I hear what you are trying to say with the "Without this patch ..." part but I am hesitant to
equate current undocumented kernel behavior as established user expectations. Instead I think
when user requests counter allocation in all domains then expectation would/should be that
counters will be allocated in all domains (that have available counters). I thus see this work
more as a fix that brings behavior closer to match what user may expect when running
impacted commands.
One possible expectation that user space may develop based on experience with existing implementation
is that requests to allocate counters may fail even if counters are available in some domains. If user
space does have such expectation then they still need to consider mbm_L3_assignments to know
what was actually allocated and I still do not see how they need to make any predictions to
use resctrl.
We thus seem to disagree on user expectations? Since this is quite subjective that may be ok since
I believe this work addresses all aspects?

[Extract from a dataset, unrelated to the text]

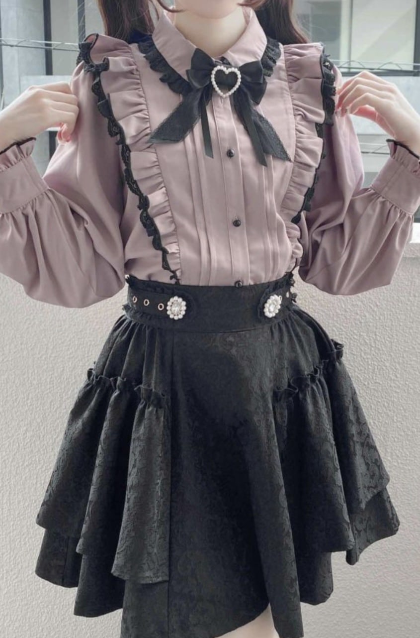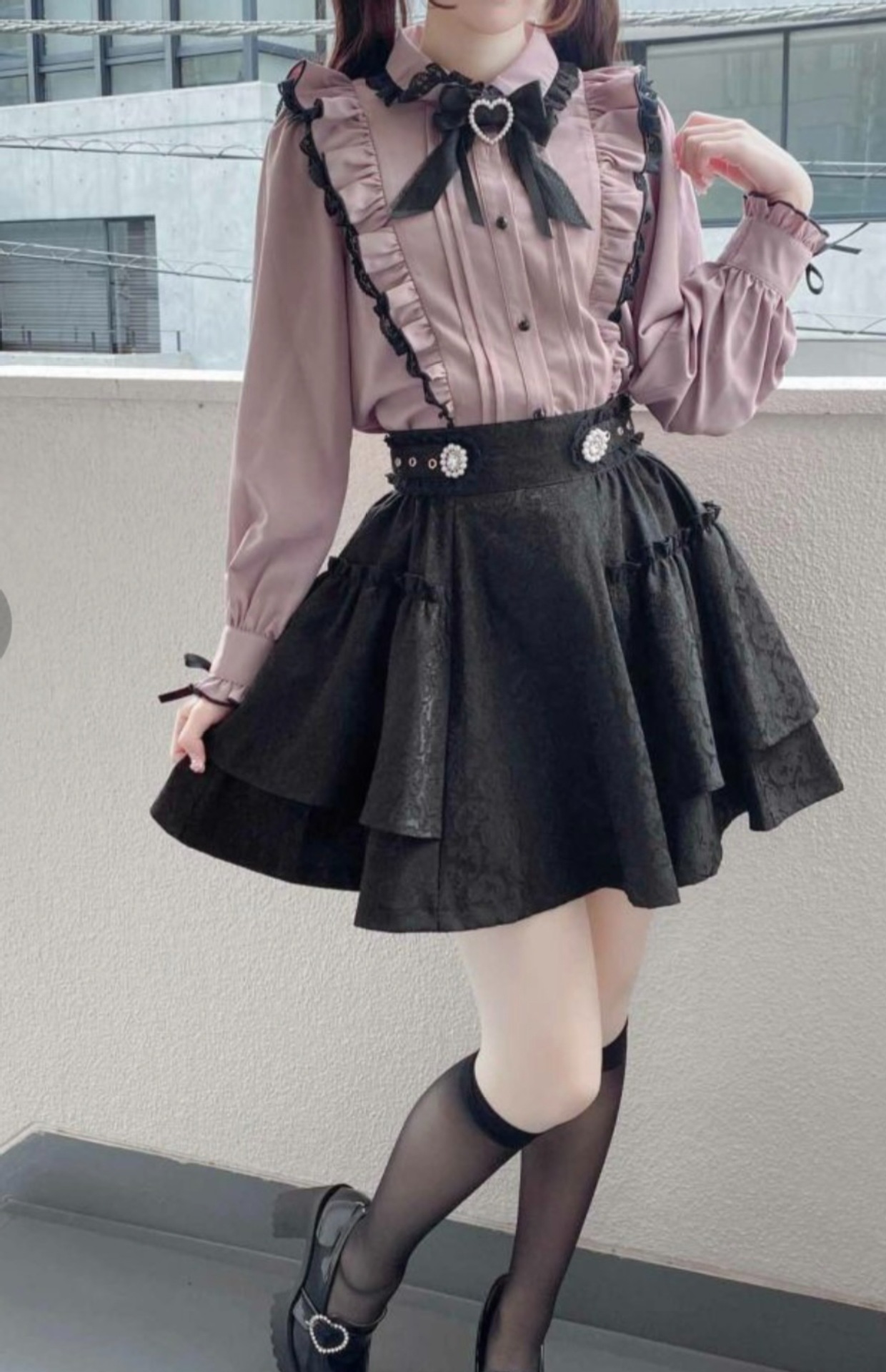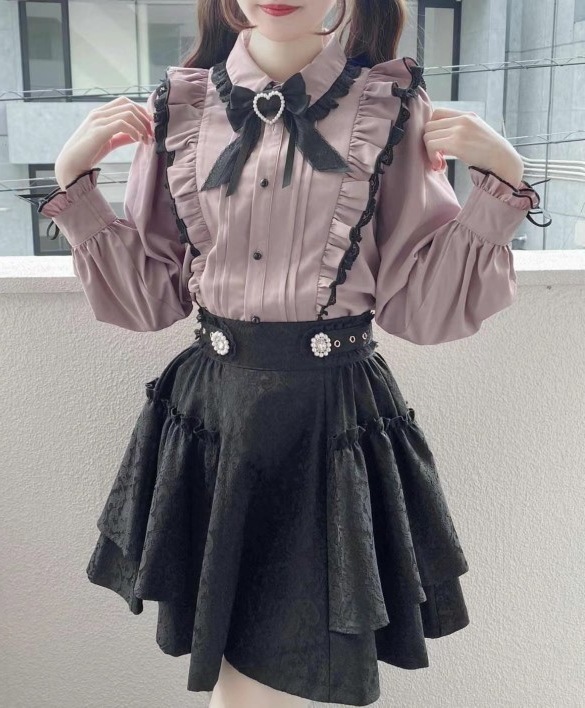 韓国 制服 スカート 日系 カレッジスタイル JK 制服 ハーフスカート 春秋 新作 レディース フリル ドールネック 蝶ネクタイ ネクタイ シャツ トップス ホルタースカート 2点セット

> This means that the order of the domains are considered effects the outcome of command.
Right.
>
> With this patch: each counter is attempted to be allocated
> Without this patch: Domains are considered in order of ascending id and each counter in the domain is attempted to be
> allocated but if a counter allocation fails no subsequent domains are considered.
Understood.
>
> I think the behaviour with this patch is easier to understand and what would be most useful to the user.
I agree.
>
> Suppose you have two domains, domain 0 and 1 and one counter remaining on one of the domains and create a new group
> (with mbm_assign_on_mkdir set to 1). Without this patch the available counter is only allocated if that domain is
> considered first (lower id) but with this patch it allocated regardless of which domain it's in.
Understood.
>>> Happy to drop the extra sentence if you don't think it adds anything. Making all allocations of multiple counters best
>>> effort is the main point.
>>
>> I do not object adding extra sentences but the proposal mentions how user space needs to
>> predict behaviors and know about kernel internals which I do not believe is required now nor
>> with planned changes. I really seem to be missing something here so would appreciate if you
>> could elaborate the goals here.
>
> It seems that we agree on the patch but I've somehow confused you on the motivation. In essence, it's making a better
> effort at best effort counter allocation. Does this help clarify things?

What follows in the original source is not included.